Anyways, back to my story.  So, the attitude and speech that the woman directed towards me that day were thank-less.  When we arrived at her house, I had to climb on top of my truck to hand the firewood down to her.  Unfortunately, some of the sticks had shifted during our ride down the bumpy dirt road and the bundle was stuck.  I moved to get a better angle and ended up standing on the front part of roof rack, facing the opposite direction of the truck.  But, as I yanked on the bundle, the cord broke and I lost my balance.  Falling backwards towards the hood of the car, my rear-end landed on the top part of the windshield with a sickening crack.  Thankfully my hands caught the front of the roof rack and kept me from tumbling head first to the ground.  Clinging to the roof rack, I struggled to climb back on top of the car, frustrated at the way I had extended a crack in our already damaged windshield.  The woman's expression remained unchanged, though, and with a blank stare she received the wood from me and walked off without a word of sympathy or thanks.  I got back in the truck and drove away stewing in my embarrassment (I mean, who rear-ends their own windshield!) and irritation at the lack of gratitude I perceived from her.

By the time I made it home, I recovered enough to confess to Rachel and the girls about the origin of the extension of the crack in the windshield.  As they laughed about it (after expressing an appropriate amount of sympathy, I should add), it was easier for me to recognize just how ridiculous the story was and to be thankful that the fall and the damage to the car could have been much worse.  I'll admit that it took me some time to get over my wounded pride (and bruised bum!), but eventually I was able to join in the laughter.

Reflecting on that story yesterday made me consider again the connections between laughter and thankfulness.  As I think about our living room yesterday, filled with smiling and laughing people celebrating a day of Thanksgiving, even far from home, I am reminded of how important laughter is to helping put us in a posture of gratitude.  Our hearts seemed wired in a way that what most leads us to a place of thankfulness are the times set aside to enjoy and take joy in those around us.    

May we be a people whose laughter leads us to a spirit of gratefulness and thanksgiving!

Grace and Peace,
Alan  

Thursday, November 20, 2014

the beauty of being repurposed - funnels and disciple-making, take 2



Our Mozambican friends are great at repurposing.

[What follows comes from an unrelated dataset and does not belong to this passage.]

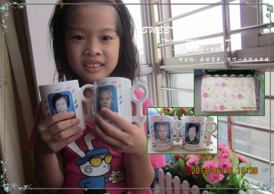 去年父親節(jié),給老爸老媽送了一對可愛的毛巾,兩條毛巾上面寫著“老媽辛苦了”“老爸受累了”,禮物雖小,老爸老媽看了非常開心。于是今年我又特意在有福網定做了一對印有老爸老媽相片的情侶杯,老媽看了樂的合不攏嘴,因為老一輩的她們不懂網絡,也不知道還有這樣印著自己相片的杯子,因此看了非常喜歡。而且杯子上不僅有他們本人的相片,我還放上了幾張他們從年輕到金婚的四張合影。就像上回為他們定做的記錄了他們一生的相冊書一樣,老媽感慨的說,還是女兒細心呀。古板而有點悶的老爸也難得的露出了欣喜的笑容。看著父母開心,就是做子女最大的幸福。
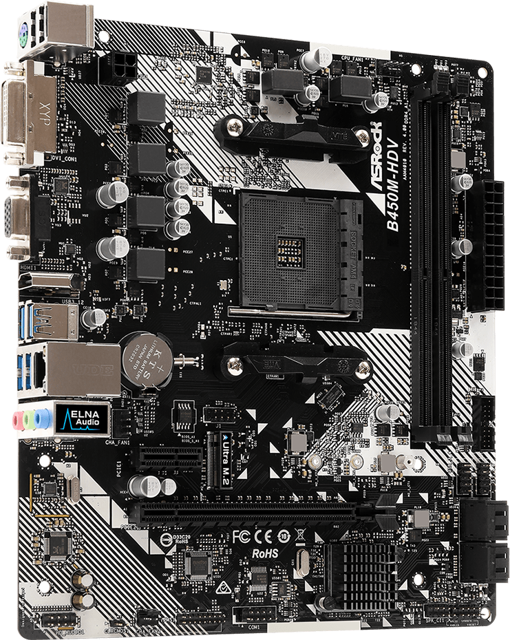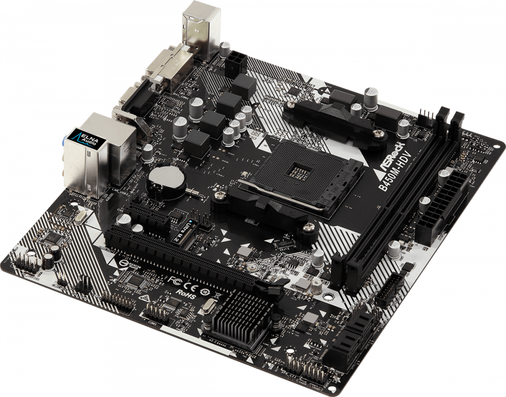 Материнскую плату для него я выбрал на чипсете B450 - ASRock B450M-HDV R4.0. Это одна из самых недорогих плат на этом чипсете, но небольшой разгон Ryzen 5 1600 и ОЗУ она вполне осилит.

Everything in this part of the world gets reused or recycled.

Kids turn trash into toys.

Scrap paper and bamboo shards are used to start cooking fires.

Even a busted fridge can be turned into a piece of furniture!   

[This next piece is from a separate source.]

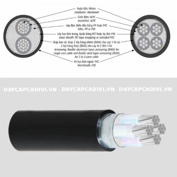 - Giáp bảo vệ: Giáp 2 lớp băng thép DSTA cho cáp 3 pha 4 lõi
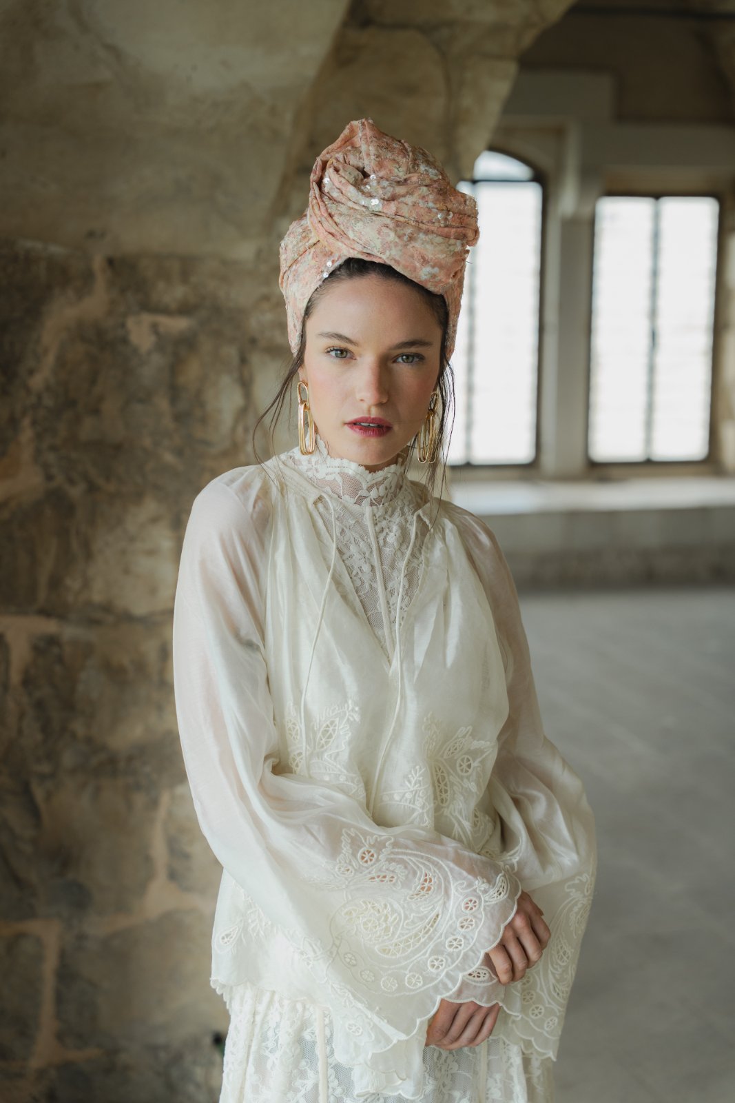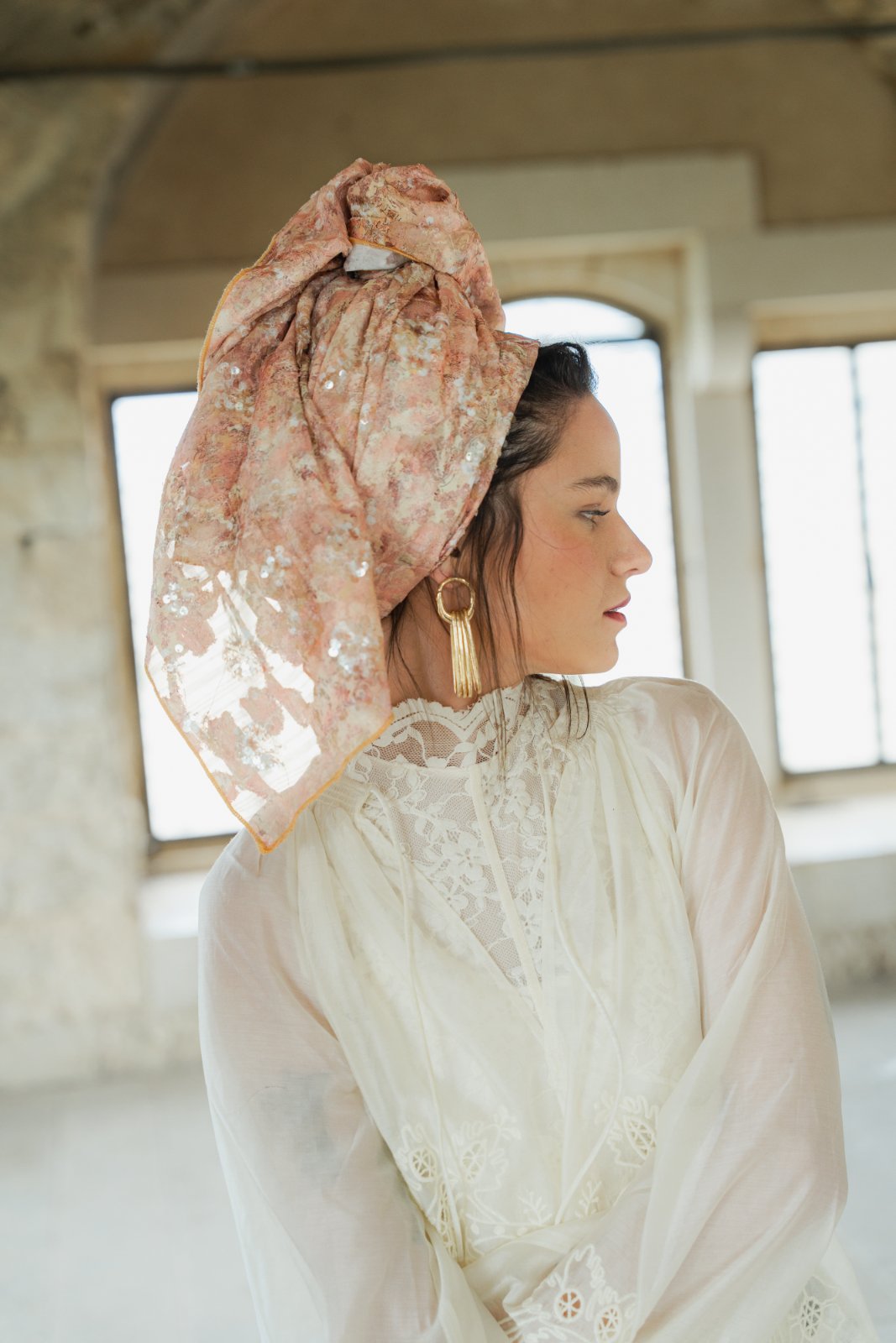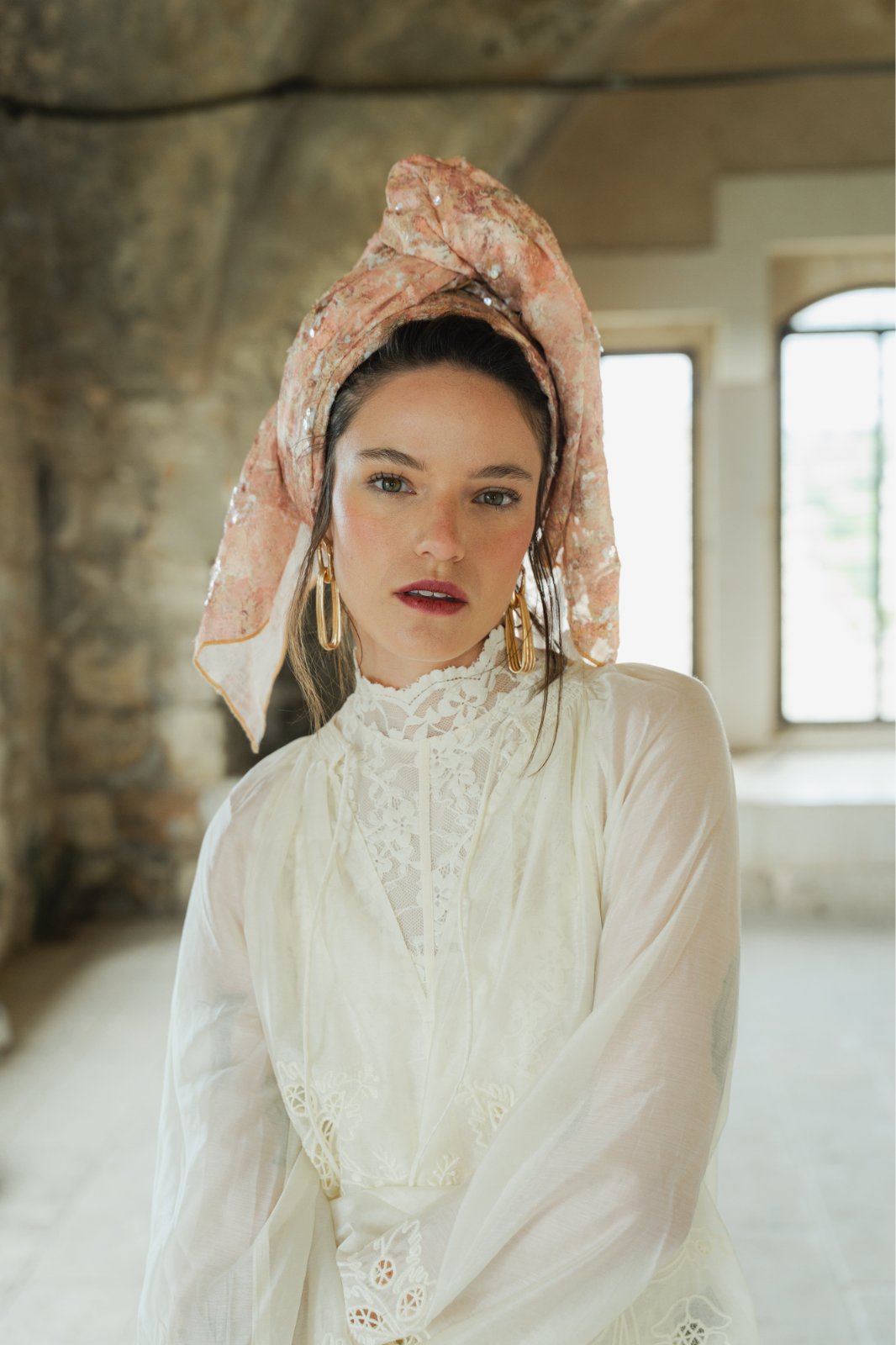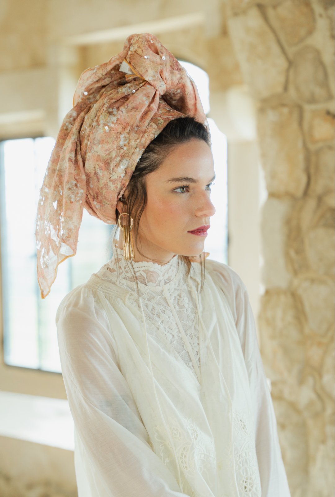 גוונים בהירים של אפרסקיות, חול בהיר, ורוד עתיק ונגיעות זהב בהיר.

The other day, in a nearby neighborhood, I came across a guy selling cooking oil.  He dipped a cup into a bucket of vegetable oil and would pour it through a funnel into little bottles to sell to his clients.  But, what caught my attention was his funnel.


In my previous blog post, I talked about the ways that the process of making disciples is like a funnel.   It is an illustration that I use all the time.  I try to encourage people not to act like a cup, but to use what they learn and act like a funnel by passing on what they know to others.

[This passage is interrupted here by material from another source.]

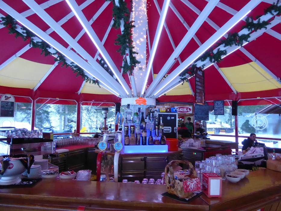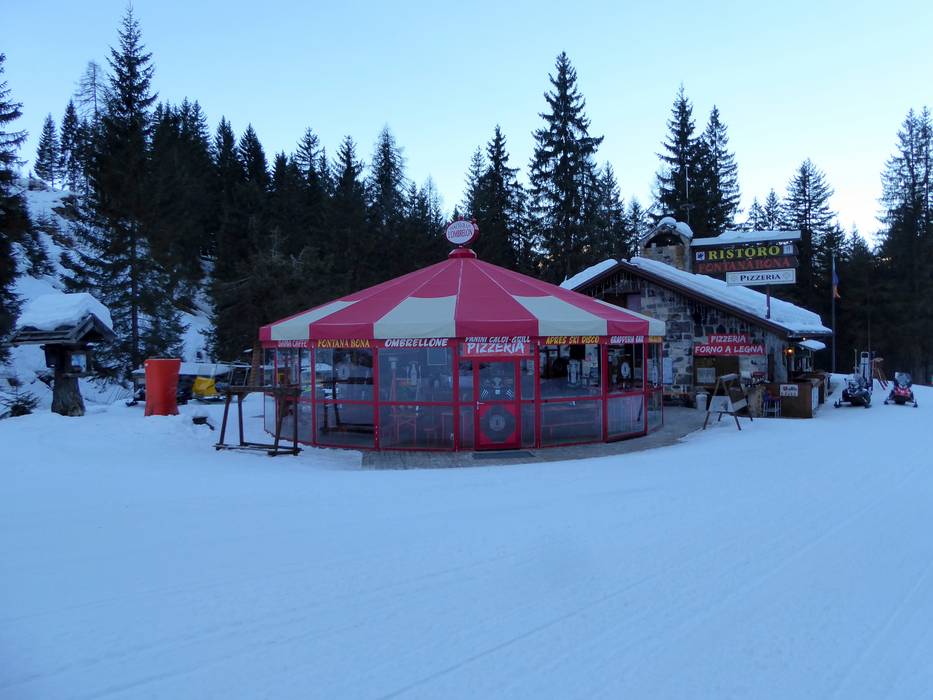 Die einzige richtige Schirmbar im Skigebiet von Civetta befindet sich direkt an der Piste Coldai. Hier kann man zum Après-Ski übergehen. Kurz vor 16.30 Uhr muss man aber dann los, denn man benötigt noch einen Lift, um die Talabfahrt zu erreichen.

And on this day, the vendor's funnel caught my attention.  Someone had taken an empty, used tomato can and reshaped it into a funnel.  I think it's beautiful - it's a piece of art. 


Now, tin cans are nothing special.  They are containers that we throw away without a second thought.


But a funnel - that can be an important tool.  One that is used over and over again.


I've been thinking a lot lately about the fact that in order to be good at making disciples, we must be reshaped.  To become a vessel that is effective in making disciples we will need to be repurposed.  Like that tin can, we'll need to be formed into something new - a funnel.


The world may have shaped us in a certain mold.  And because of that we may be under the impression that our purpose in life is to store and hold onto what we've got.


But there is something beautiful and redemptive in realizing the truth that we can be remade into something that serves to bless and fills others up.


Now, the process of being reshaped into a funnel may be painful.  We'll be bent and stretched in ways that may be uncomfortable.   But, that's the only way that to become a useful instrument for making disciples.


May we see beauty in the way that God is working to repurpose us - shaping us into funnels that channel blessing and life to those around us.


Grace and Peace,

Alan

Thursday, November 6, 2014

The funnel and disciple-making



There's a teaching illustration that I have found to be extremely useful for encouraging disciple-making to take place in the church.   I learned it from Murphy Crowson who explained it in an email this way.

"Emphasize that they HAVE TO PASS THIS ON! This is not a leadership training school where they will get a paper diploma. Their graduation certificate will be those who they've discipled who are discipling others! They must have an outward focus on this material and an "I'm learning to teach others" attitude from day one. I use the visual illustration with my leaders of a glass and a funnel. Some leaders/churches/Christians are like a glass, always receiving and never giving. When the glass is full, God can't pour anymore wisdom/blessings/etc. in.  A funnel however constantly receives and gives.  Always receiving more and always passing it right along."

Murphy shared this insight about the difference between a funnel and a cup to me back in 2007 and I have used this illustration more than any other to describe the process of disciple-making with my Mozambican friends.

But a couple weeks ago, a church member offered a new insight that deepened the imagery of the funnel and the cup for me and the rest of the group.

I had taken a basic, plastic water bottle to the church cluster meeting and cut it in half in front of the students.  The bottom half was shaped like a cup and the top half had the form of a funnel.  I talked (once again!) about the need for each of us to be like a funnel.  And this time I took advantage of the fact that this water-bottle-funnel had a lid on it.  We talked about how sometimes we may want to share what we've learned with potential disciples, but until we remove the lid, we will be unable to effectively share.  The word for lid in Portuguese is "tampa" and the Makua-Metto version of that is "itampa."  So, I emphasized how changing our practices could help us remove the lid from a strategic point of view and help us become the funnels we were created to be.

Then one of the church leaders made an important insight.  He noted that sometimes our best intentions and even our best practices for being funnels will be limited by our own sin and lack of integrity in our witness.  Interestingly, the word for sin in Makua-Metto is "itaampi."  It is not just that the lid that limits us (itampa), but sin (itaampi) also keeps us from fulfilling our calling.  The group all laughed at the truth found in this play on words (okay, so maybe I found the pun more interesting than the others did :) ).

The task that Jesus commissioned us for is to make disciples (Matt. 28).  But we will only be able to do that well when we have been liberated from a life of sin (itaampi) and when we've removed the lid (itampa) that keeps us from opening ourselves strategically to minister and pass on the gift of living water to others.

So, Murphy, thanks for being a funnel so long ago and passing on what you learned.   That illustration is still blessing people and bearing new insights and fruit even over here.

May we be a people who let neither itampa or itaampi get in the way of making disciples of Jesus.